GOAL OF THE EXERCISE | Set down the full listing exactly as given. Any pictures are to be left out.

INFORMATION SUPPLIED |
↓↓↓

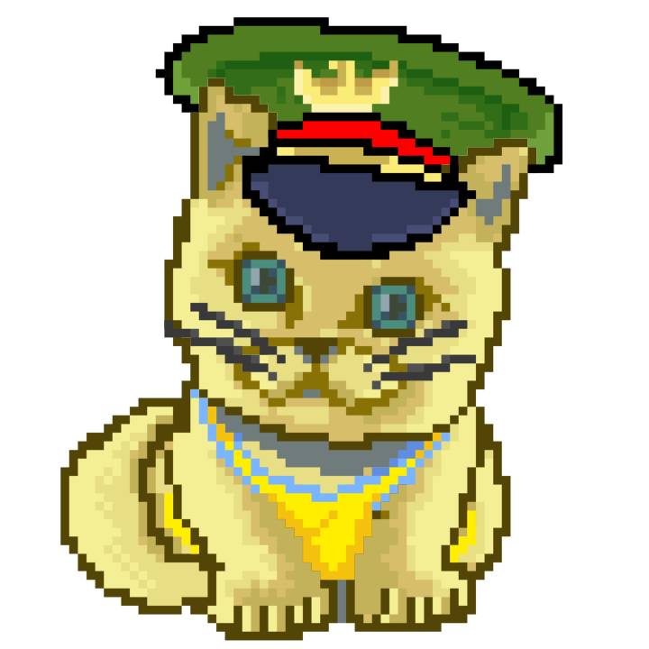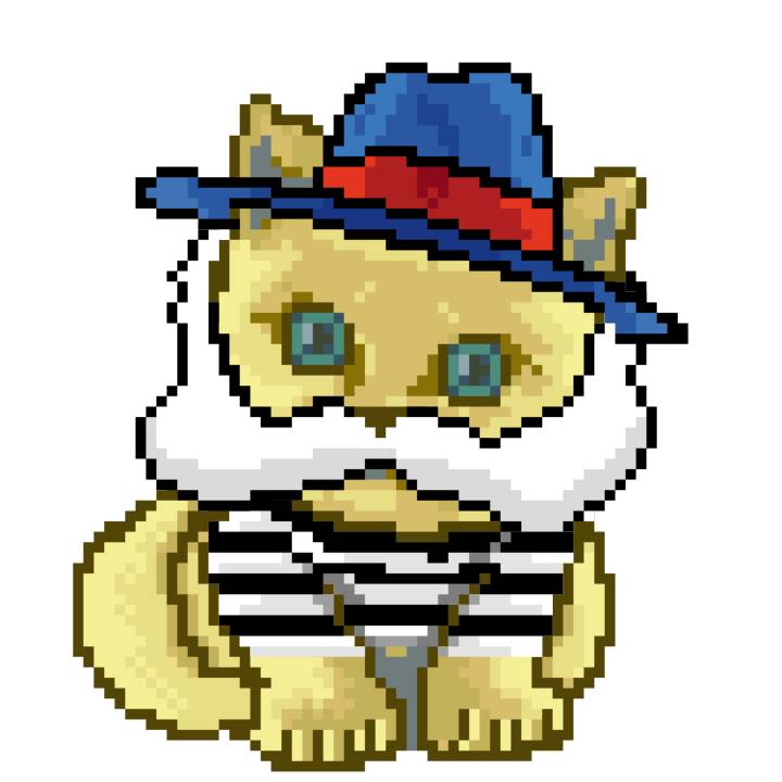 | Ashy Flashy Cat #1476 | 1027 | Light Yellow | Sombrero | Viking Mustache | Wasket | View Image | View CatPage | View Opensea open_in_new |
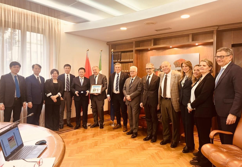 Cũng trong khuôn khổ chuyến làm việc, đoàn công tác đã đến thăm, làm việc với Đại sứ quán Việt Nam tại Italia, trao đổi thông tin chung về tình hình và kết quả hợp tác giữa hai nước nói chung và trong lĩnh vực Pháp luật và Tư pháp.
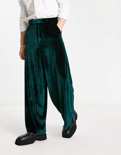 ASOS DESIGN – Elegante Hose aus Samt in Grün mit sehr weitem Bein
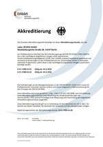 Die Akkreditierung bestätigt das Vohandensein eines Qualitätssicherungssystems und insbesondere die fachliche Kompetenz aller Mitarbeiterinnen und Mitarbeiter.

↑↑↑

ANSWER SPACE |
 | Ashy Flashy Cat #1476 | 1027 | Light Yellow | Sombrero | Viking Mustache | Wasket | View Image | View CatPage | View Opensea open_in_new |
 Cũng trong khuôn khổ chuyến làm việc, đoàn công tác đã đến thăm, làm việc với Đại sứ quán Việt Nam tại Italia, trao đổi thông tin chung về tình hình và kết quả hợp tác giữa hai nước nói chung và trong lĩnh vực Pháp luật và Tư pháp.
 ASOS DESIGN – Elegante Hose aus Samt in Grün mit sehr weitem Bein
 Die Akkreditierung bestätigt das Vohandensein eines Qualitätssicherungssystems und insbesondere die fachliche Kompetenz aller Mitarbeiterinnen und Mitarbeiter.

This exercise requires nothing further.